Hal K. Litchford, a senior counsel at Baker Donelson and antitrust expert, said a contract isn’t necessarily illegal just because the terms are harsh and prevent a party from seeking better terms on the open market. Such arguments are often the downfall of antitrust plaintiffs, he added.
“The allegation from the antitrust standpoint is the contract restrained FSU’s ability to make the best deal it can, but we don’t have a well-defined market,” he said. “FSU is being restrained from participating, but so is every other ACC school and every other SEC school and Big 10 school, so that’s not really a cognizable claim.”
Additionally, the theory that the contract’s penalties are unconscionable is one that’s generally used by consumers facing down big corporations, or former employees trying to get out of penalties in noncompete agreements where damage to a business is hard to calculate. Here FSU and Clemson helped participate in the ACC as it was reaching these TV deals, and the cash on the line is clear.
The schools also run into another problem—the conferences themselves are arguably “pro-competition,” said antitrust expert Jordan Ludwig, a partner at Crowell & Moring LLP.
“There’s a body of US Supreme Court precedent saying in order for a league or conference to function they have to come together and set rules,” he said. “That’s how you develop a league product.”
The ACC said that it wouldn’t comment on the Florida case beyond its statements in the court briefs, but it said in a statement that it “remains confident that its agreements with all its members will be affirmed by the courts.”
Home-Field Advantage
Home-field advantage in these cases could have a big impact on schools nationwide.
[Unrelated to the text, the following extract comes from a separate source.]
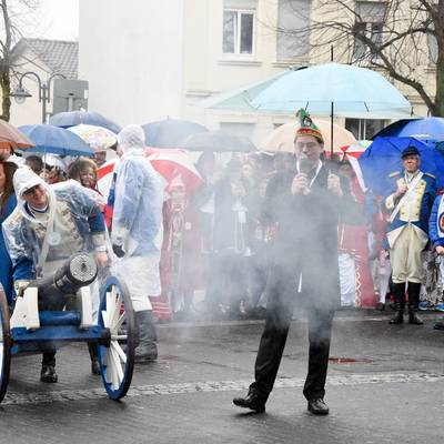 Aufgrund des nassen Wetters wurden dem gesamten Fußvolk und karnevalistischen Adel nach harten Verhandlungen und Wortwechseln auf beiden Seiten doch noch Eintritt gewährt. Der lautstarke Sturm auf das Rathaus konnte nun nicht mehr gestoppt werden.

Carfagna, Litchford, and Ludwig agreed the likeliest outcome is that the litigants negotiate a settlement for the universities to buy out of the conference, similar to deals cut by other schools shifting allegiances in recent decades. But if parties stick it out and leave it to courts to decide, where and how the case comes down will send a message.
“If FSU prevails here, other schools that think they have the opportunity to make more money will use that as a precedent to leave a conference,” Ludwig said. If the ACC wins, that could lead to less turmoil among the conferences as the organizations hold sway over members.
But the ACC has a weakness in its armor: it filed its complaint preemptively against FSU in hopes of keeping the litigation in North Carolina, opening itself to attacks that it didn’t have the legal ability to block a breach that hadn’t yet occurred. Now the courts have to decide who gets to litigate in their backyard.
“If cases are centered in the universities’ home towns they’re more likely to get a favorable ruling because the schools are what make these communities tick,” Carfagna said.
The cases are Atl. Coast Conf. v. Bd. of Trustees of Florida State Univ., N.C. Super. Ct., No. 2023CVS40918, hearing held 3/22/24, Florida State Univ. Bd. of Trustees v. Atl. Coast Conf., Fla. Cir. Ct., No. 2023-CA-2860, hearing scheduled 4/9/24, and Clemson Univ. v. Atl. Coast Conf., S.C. Ct. Com. Pl., No. 2024CP3900322, complaint filed 3/19/24.